◆ **Assignment**: Repeat the records below exactly, leaving out every picture.

◆ **Source records**:
*** Begin section ***
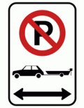 Panneau de signalisation d’indication,de stationner en parallele seulement,   avec pictogramme standardisé.
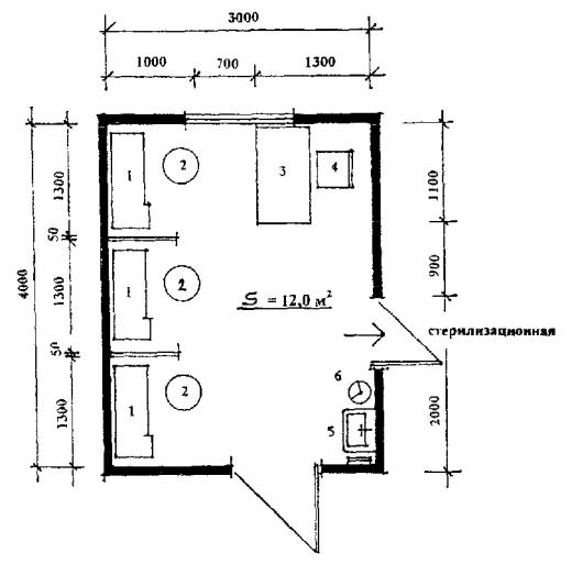Столик с аппаратурой 3. Столик с аппаратурой для приема процедур сидя 4. Стул 5. Стол врача 6. Шкаф медицинский 7. Умывальник Рис.
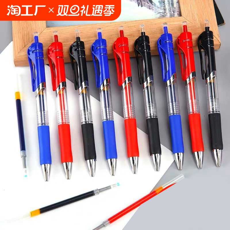 k-35按动中性笔0.5mm笔芯圆珠笔签字笔会议笔黑红蓝学生学习办公按压式水笔考试签字笔芯子弹头
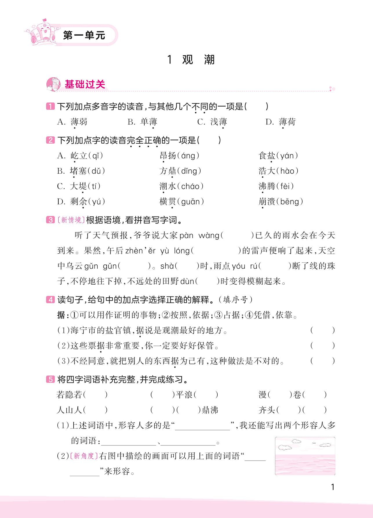 2023上册四年级语文人教版 第一单元 自然之美——1 观潮
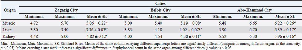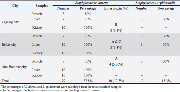 As described in the serological identification of Staphylococcus spp. in the examined camel meat samples (N=10 of each) declared that S. aureus was detected in all kidney samples (100%), in 8 (80%), 7 (70%), and 7 (70%) of muscle samples collected from Zagazig, Belbis, and Abo-Hammad cities, respectively, in 7 (70%) of liver samples collected from Zagazig city and in all liver samples (100%) collected from Belbis and Abo-Hammad cities. Staphylococcus epidermidis was detected in 3 (30%) of muscle samples collected from Belbis and Abo-Hammad cities and in 3 (30%) of liver samples collected from Zagazig and Belbis cities. Results recorded in this study also indicated that the overall prevalence of S. aureus was 87.8% (79 samples out of 90), while the overall prevalence of S. epidermidis was 13.3% (12 samples out of 90). The obtained results revealed that the overall prevalence rates of S. aureus in the examined muscle, liver, and kidney were 73.33%, 90%, and 100%, respectively. The obtained data also showed the prevalence of enterotoxins in the isolated S. aureus strains. It was found that only kidney isolates from Zagazig city carried the SEB gene, with a percentage of 3.8%. Similarly, the SEA + SEC genes were found in S. aureus isolated from liver samples in Belbis city, also at a rate of 3.8%. The SEA gene was detected in muscle isolates from Abo-Hammad city samples at a percentage of 5.06%. In contrast, liver and kidney isolates from Abo-Hammad city did not produce any types of enterotoxins. The obtained results declared that 10 isolates out of 79 positive S. aureus contained enterotoxins with a percentage of 12.7%. The SEA was the most common enterotoxin produced in the 79 tested isolates, with a rate of 5.06%, followed by SEB and (SEA + SEC), with percentages of 3.8% for each. In contrast, S. aureus isolates from the examined camel meat samples failed to produce SED (Table 2). Table 2. Total Staphylococci count Log10 (CFU/g) in the examined camel meat samples (N=10 of each).
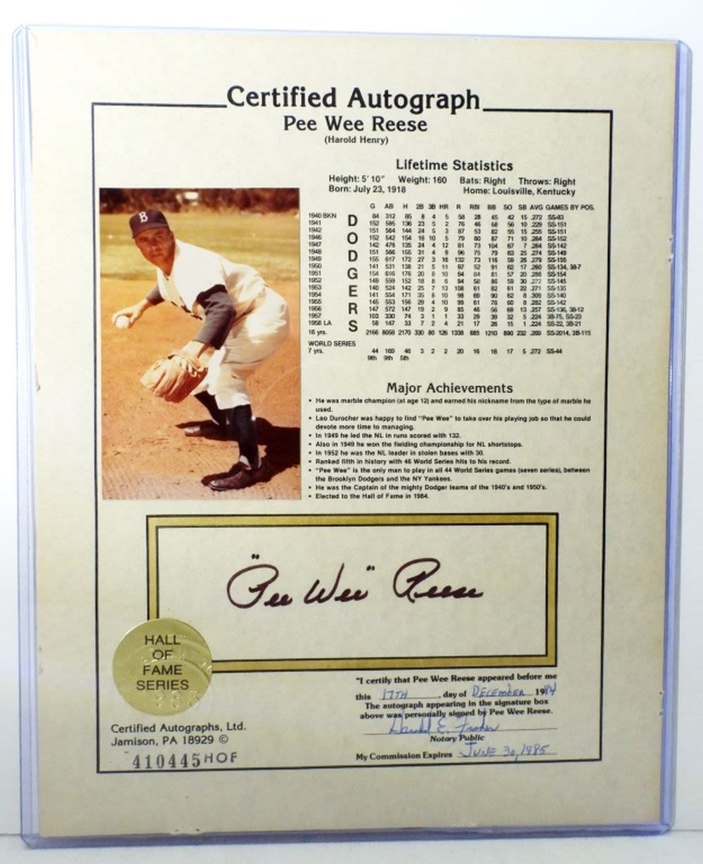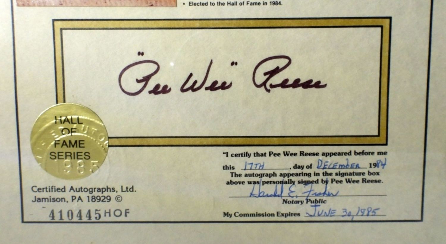 HALL OF FAME SERIES, WAS SIGNED AND NOTARIZED ON DECEMBER 17TH 1984
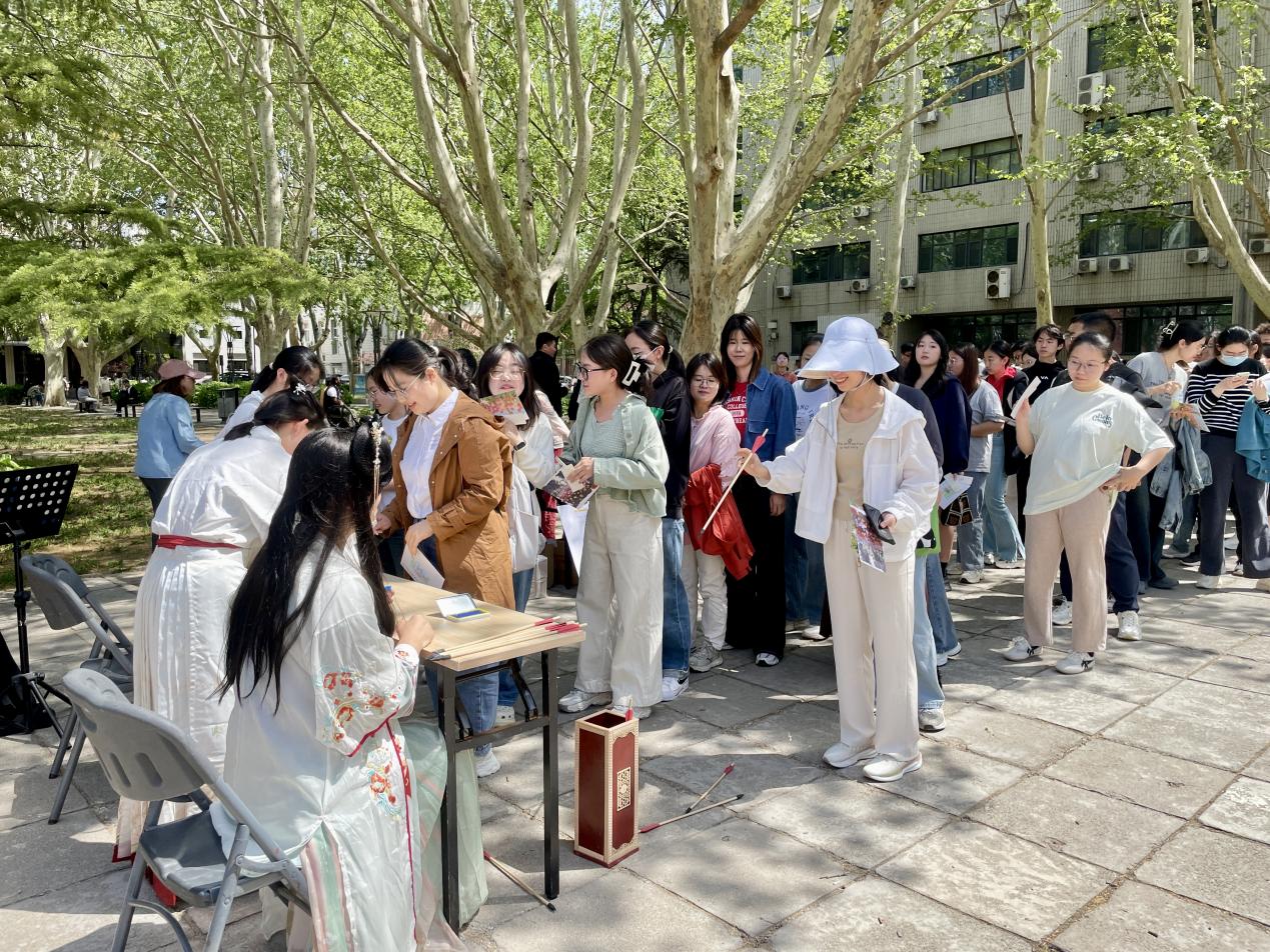 开幕式后,师生手持集章卡奔赴世纪钟广场、芳华园碧桃树下、明湖紫藤墙三大打卡点,开启春日游园之旅。师生们通过参与飞花令、投壶、看图猜诗、竹节人、海底捞珠等传统小游戏,集齐5个数字印章,获得一份精美礼品。这一环节不仅增加了游园会的趣味性,也让师生们在轻松愉快的氛围中感受到了中华文化的魅力。
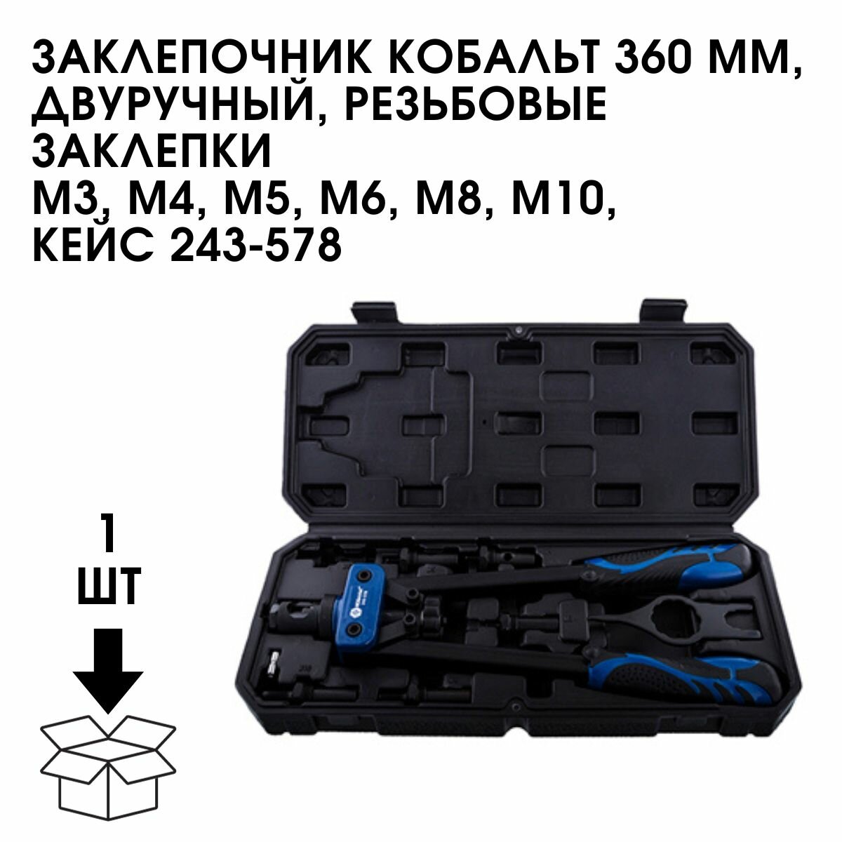 Заклепочник кобальт 360 мм, двуручный, резьбовые заклепки M3, M4, M5, M6, M8, M10, кейс интересное:
*** End section ***
◆ **Response to the task**:
 Panneau de signalisation d’indication,de stationner en parallele seulement,   avec pictogramme standardisé.
Столик с аппаратурой 3. Столик с аппаратурой для приема процедур сидя 4. Стул 5. Стол врача 6. Шкаф медицинский 7. Умывальник Рис.
 k-35按动中性笔0.5mm笔芯圆珠笔签字笔会议笔黑红蓝学生学习办公按压式水笔考试签字笔芯子弹头
 2023上册四年级语文人教版 第一单元 自然之美——1 观潮
 As described in the serological identification of Staphylococcus spp. in the examined camel meat samples (N=10 of each) declared that S. aureus was detected in all kidney samples (100%), in 8 (80%), 7 (70%), and 7 (70%) of muscle samples collected from Zagazig, Belbis, and Abo-Hammad cities, respectively, in 7 (70%) of liver samples collected from Zagazig city and in all liver samples (100%) collected from Belbis and Abo-Hammad cities. Staphylococcus epidermidis was detected in 3 (30%) of muscle samples collected from Belbis and Abo-Hammad cities and in 3 (30%) of liver samples collected from Zagazig and Belbis cities. Results recorded in this study also indicated that the overall prevalence of S. aureus was 87.8% (79 samples out of 90), while the overall prevalence of S. epidermidis was 13.3% (12 samples out of 90). The obtained results revealed that the overall prevalence rates of S. aureus in the examined muscle, liver, and kidney were 73.33%, 90%, and 100%, respectively. The obtained data also showed the prevalence of enterotoxins in the isolated S. aureus strains. It was found that only kidney isolates from Zagazig city carried the SEB gene, with a percentage of 3.8%. Similarly, the SEA + SEC genes were found in S. aureus isolated from liver samples in Belbis city, also at a rate of 3.8%. The SEA gene was detected in muscle isolates from Abo-Hammad city samples at a percentage of 5.06%. In contrast, liver and kidney isolates from Abo-Hammad city did not produce any types of enterotoxins. The obtained results declared that 10 isolates out of 79 positive S. aureus contained enterotoxins with a percentage of 12.7%. The SEA was the most common enterotoxin produced in the 79 tested isolates, with a rate of 5.06%, followed by SEB and (SEA + SEC), with percentages of 3.8% for each. In contrast, S. aureus isolates from the examined camel meat samples failed to produce SED (Table 2). Table 2. Total Staphylococci count Log10 (CFU/g) in the examined camel meat samples (N=10 of each).
 HALL OF FAME SERIES, WAS SIGNED AND NOTARIZED ON DECEMBER 17TH 1984
 开幕式后,师生手持集章卡奔赴世纪钟广场、芳华园碧桃树下、明湖紫藤墙三大打卡点,开启春日游园之旅。师生们通过参与飞花令、投壶、看图猜诗、竹节人、海底捞珠等传统小游戏,集齐5个数字印章,获得一份精美礼品。这一环节不仅增加了游园会的趣味性,也让师生们在轻松愉快的氛围中感受到了中华文化的魅力。
 Заклепочник кобальт 360 мм, двуручный, резьбовые заклепки M3, M4, M5, M6, M8, M10, кейс интересное:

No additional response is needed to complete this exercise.